0%

Learning to Perform Local Rewriting for Combinatorial Optimization

这篇文章提出了NeuRewriter的方法,使用强化学习中 actor-critic 的方式训练。

感觉类似于 “A Monte Carlo Policy Gradient Method with Local Search for Binary Optimization” 中的操作。当然了,NeuRewriter是最先提出来的,时间跨度基本都有4年了。

Reference: * Learning to Perform Local Rewriting for Combinatorial Optimization * github地址

Problem Setup

Let 𝒮 be the solution’s space of problem domain, and c : 𝒮 → ℝ be the cost function. The goal of optimization is to find arg mins ∈ 𝒮c(s). Formally, each solutionis a state, and each local region and the associated rule is an action.

Optimization as a rewriting problem. Let 𝒰 be the rewriting ruleset. Suppose st is the current solution (or state) at iteration t. We first compute a state-dependent region set Ω(st), then pick a region ωt ∈ Ω(st) using the region-picking policy πω(ωt ∣ st). We then pick a rewriting rule ut applicable to that region ωt using the rule-picking policy πu(ut ∣ st[ωt]), where st[ωt] is a subset of state st.

Ω(st) is a problem-dependent region set. For expression simplification, Ω(st) includes all sub-trees of the expression parse trees; for job scheduling, Ω(st) covers all job nodes for scheduling; and for vehicle routing, it includes all nodes in the route.

We then apply this rewriting rule ut ∈ 𝒰 to st[ωt], and obtain the next state st + 1= f(st, ωt, ut). Given an initial solution (or state) s0, our goal is to find a sequence of rewriting steps (s0, (ω0, u0)), (s1, (ω1, u1)), …, (sT − 1, (ωT − 1, uT − 1)), sT so that the final cost c(sT) is minimized.

In this part mention two new functions: region-picking and rule-picking, what’s mean of them? At the end of the following is rewriting rule. I need the accurate meaning of rewriting. Before this paper, same idea had been proposed by Halide.

Instead of searching from scratch, this work searches solution by iteratively applying local rewriting rules to the existing until convergence. Thus, rewriting formulation is suitable for such problem:

  • Easily find feasible solution.
  • Well-behaved local structures, which could be utilized to incrementally improve the solution. It’s a hard to satisfy feature in spin glass.

Three words means nedd to know: * region-picking * rule-picking * rewriting rule

Neural Rewriter Model

Model Overview

Above is the entire model framework. Show the pseudo-code below.

ForwardPass

Score predictor. Given the state st, the score predictor computes a score Q(st, ωt) for every ωt ∈ Ω(st), which measures the benefit of rewriting st[ωt]. A high score indicates that rewriting st[ωt] could be desirable.

In lines 2-10, I believe this algorithm resembles the Monte Carlo method; it initially establishes a probability distribution by Ωω and gets each score; then selects one from it.
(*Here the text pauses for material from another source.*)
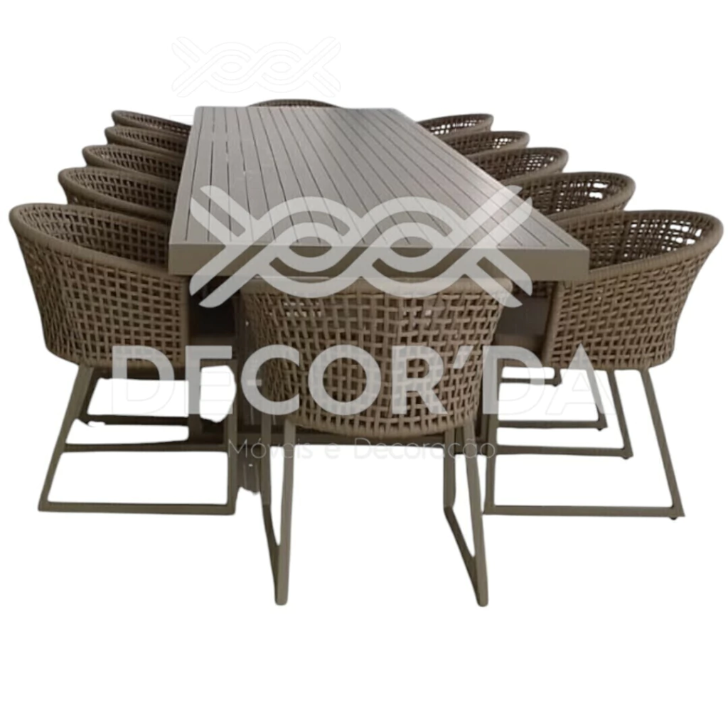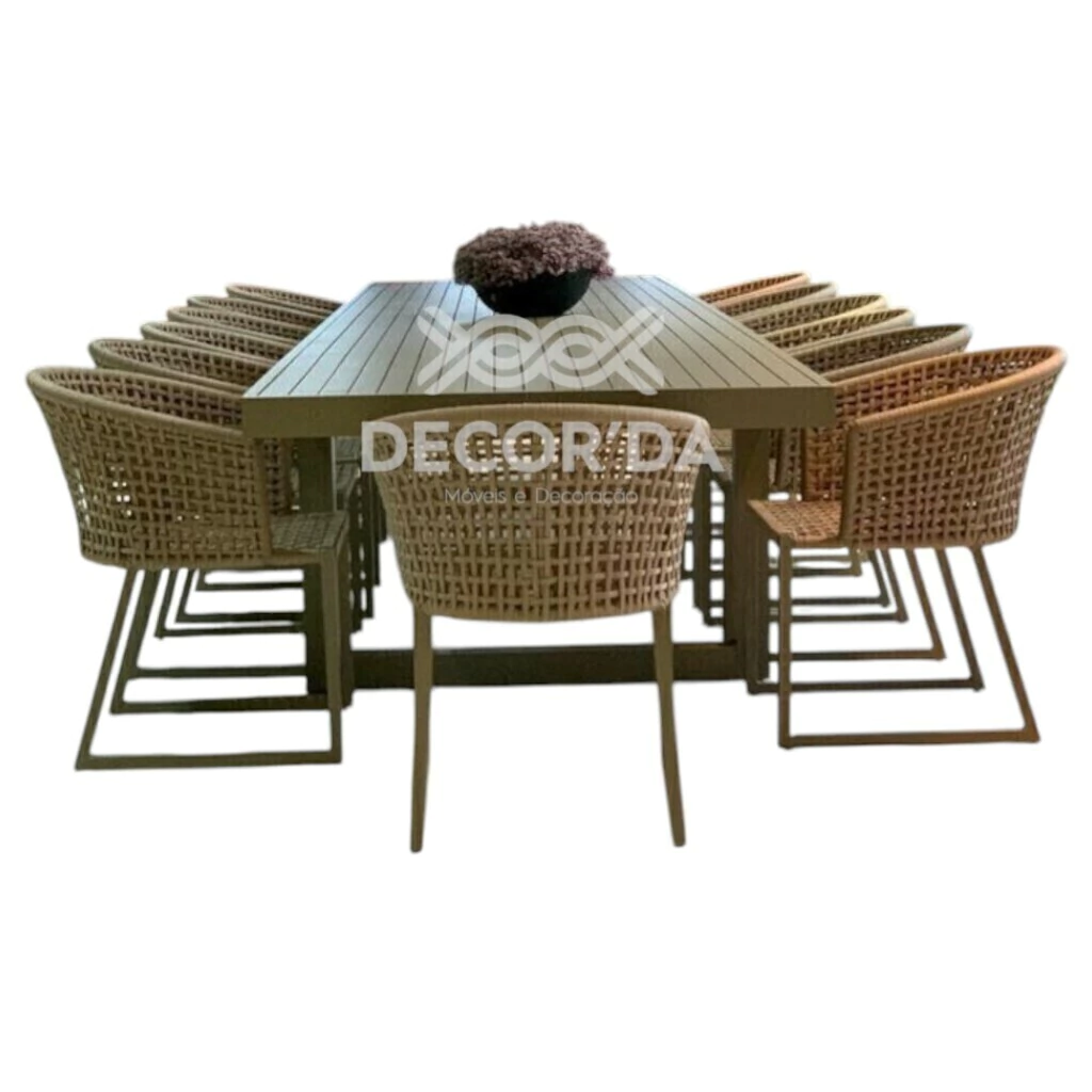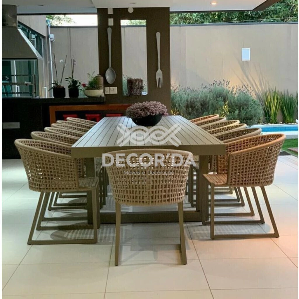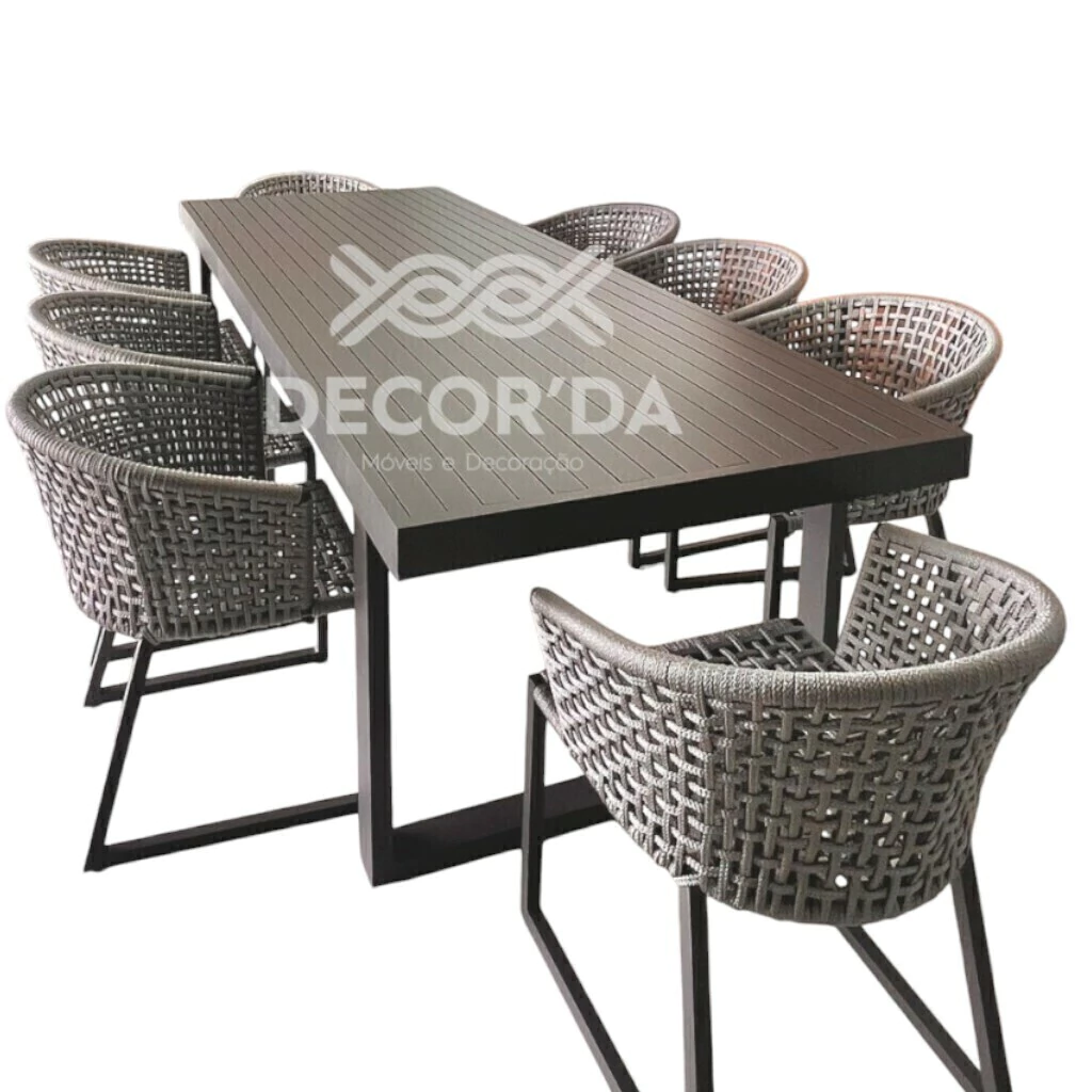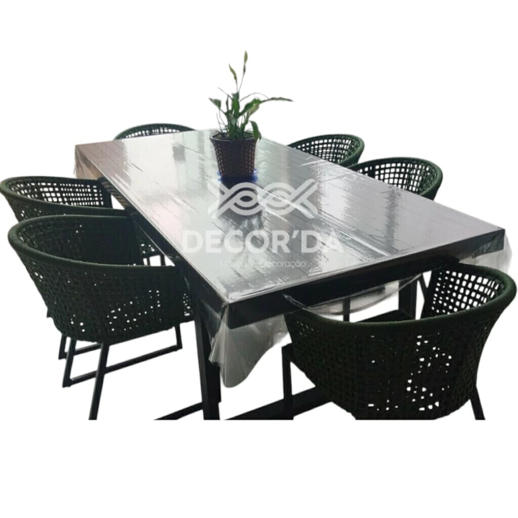 O trançado em corda náutica nas cadeiras adiciona charme artesanal e durabilidade superior — ideal para varandas, jardins e áreas externas ou gourmet.

However, the choice is not entirely random—an acceptance probability is set. Through this process, high-quality data for learning are generated. Thus, region-picking function serves as a judgment function to assess whether the situation is favorable or not. The loss function of this par write as:

$$\begin{align} L_\omega(\theta)=\frac{1}{T} \sum_{t=0}^{T-1}\left(\sum_{t^{\prime}=t}^{T-1} \gamma^{t^{\prime}-t} r\left(s_t^{\prime},\left(\omega_t^{\prime}, u_t^{\prime}\right)\right)-Q\left(s_t, \omega_t ; \theta\right)\right)^2 \end{align}$$

Rule selector. Given st[ωt] to be rewritten, the rule-picking policy predicts a probability distribution πu(st[ωt]) over the entire ruleset 𝒰, and selects a rule ut ∈ 𝒰 to apply accordingly.

In lines 11-16, we will employ the Advantage Actor-Critic algorithm to train both the Rule-picking and Score-picking models. The primary network we aim to obtain is the Rule-picking model, which will assist us in addressing subsequent problems.

$$\begin{align} \Delta\left(s_t,\left(\omega_t, u_t\right)\right) &\equiv \sum_{t^{\prime}=t}^{T-1} \gamma^{t^{\prime}-t} r\left(s_t^{\prime},\left(\omega_t^{\prime}, u_t^{\prime}\right)\right)-Q\left(s_t, \omega_t ; \theta\right) \\ L_u(\phi)&=-\sum_{t=0}^{T-1} \Delta\left(s_t,\left(\omega_t, u_t\right)\right) \log \pi_u\left(u_t \mid s_t\left[\omega_t\right] ; \phi\right) \\ L(\theta, \phi)&=L_u(\phi)+\alpha L_\omega(\theta) \end{align}$$

The rewriting rule merely changes the description method; in fact, it addresses the same issue, similar to the gauge theory in the SK model.